Wachovia's problems with Golden West—which could leave both earnings and Wachovia's stock price in the ditch for several years—could be reason enough for Mack to look abroad for a capital infusion. Among the possible candidates: HSBC and China's Citic International Financial Holdings. Mack and Wachovia CEO Bob Steel do share a few tribal bonds: Both are North Carolina natives who went to Duke University and then spent their careers on Wall Street, albeit at different firms. And though many analysts expected Steel wouldn't broach a merger until he had time to mend Wachovia's balance sheet, a chance to merge with Morgan Stanley—or even his old colleagues at Goldman Sachs—could be too tempting to pass on. In a Sept. 16 appearance on CNBC's Mad Money with Jim Cramer, Steel signaled that he'd be open to a merger. "We have a great future as an independent company, but we're a public company," he said. "So we're going to do what's right for shareholders. I can promise you that. But we're also focused on the very exciting prospects when we get things right going forward."

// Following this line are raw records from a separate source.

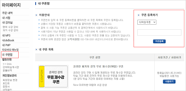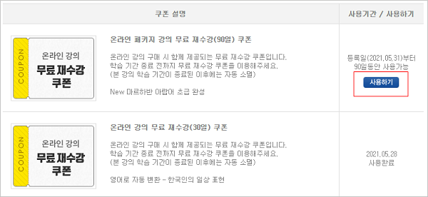 또는 마이페이지→ 내쿠폰함→ 무료 재수강 쿠폰 사용하기 클릭
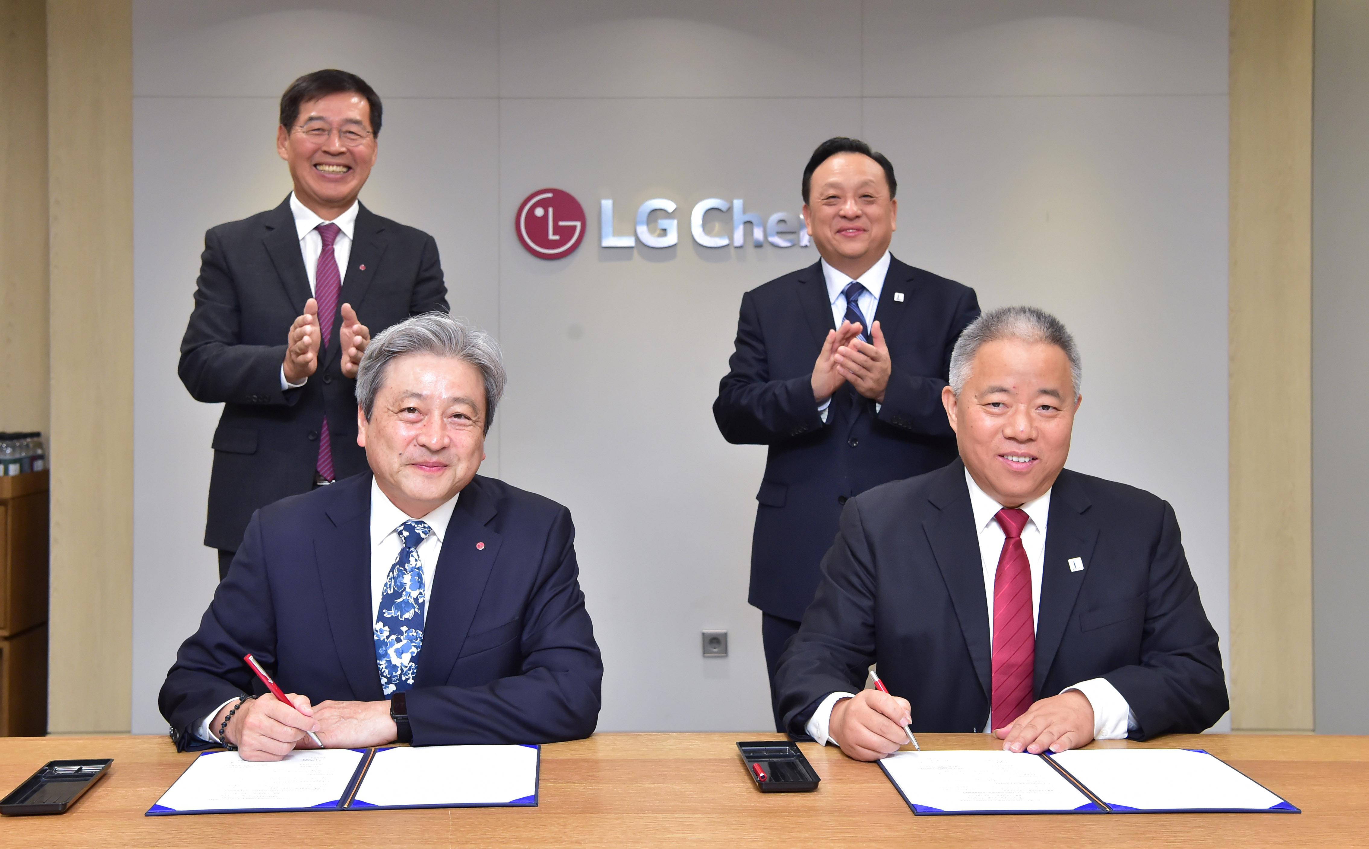 中国石化董事长侯启军、副总经理万涛,LG化学首席执行官辛学喆出席签约仪式。中国石化科技部总经理卞凤鸣和LG化学首席技术官李钟求代表双方签约。
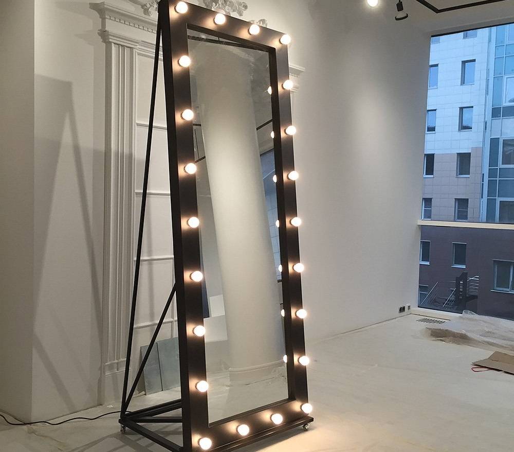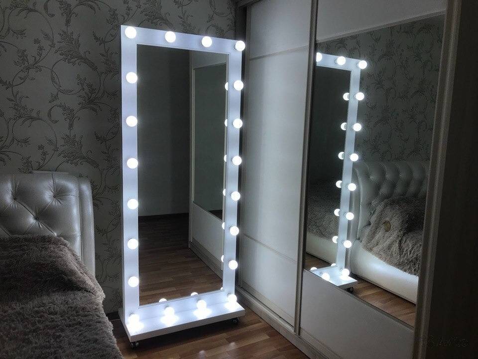 Для того чтобы иметь возможность рассмотреть себя в полный рост, нужно выбирать большое напольное зеркало. При необходимости конструкцию можно вращать или переставлять с одного места на другое. Единственное, что нужно учитывать при этом — длину электрического провода.

Years ago, banks and savings and loans lobbied for the right to grow nationally by arguing that it would give them the geographic diversity to ride out a local economic crisis, like the oil bust that doomed Texas banks in the late 1980s. But that didn't help players like Washington Mutual that became too dependent on one product—mortgages—as it suffered losses from its home loans in California and Florida. That means that regulators and bankers alike are now concluding the best defense is to build financial institutions that are as big, and as diversified, as possible. "The winning business is going to the universal bank model, similar to that in Europe and Asia," says Bob Ellis, senior vice-president at Celent, a Boston-based consulting firm that specializes in financial services. "You'll have a strong retail bank, a retail brokerage, and an investment bank. That's the winning model—by design or default," Ellis says. "The lesson I'm learning from WaMu is that it's dangerous to be a one-trick pony."
Foust is chief of BusinessWeek's Atlanta bureau.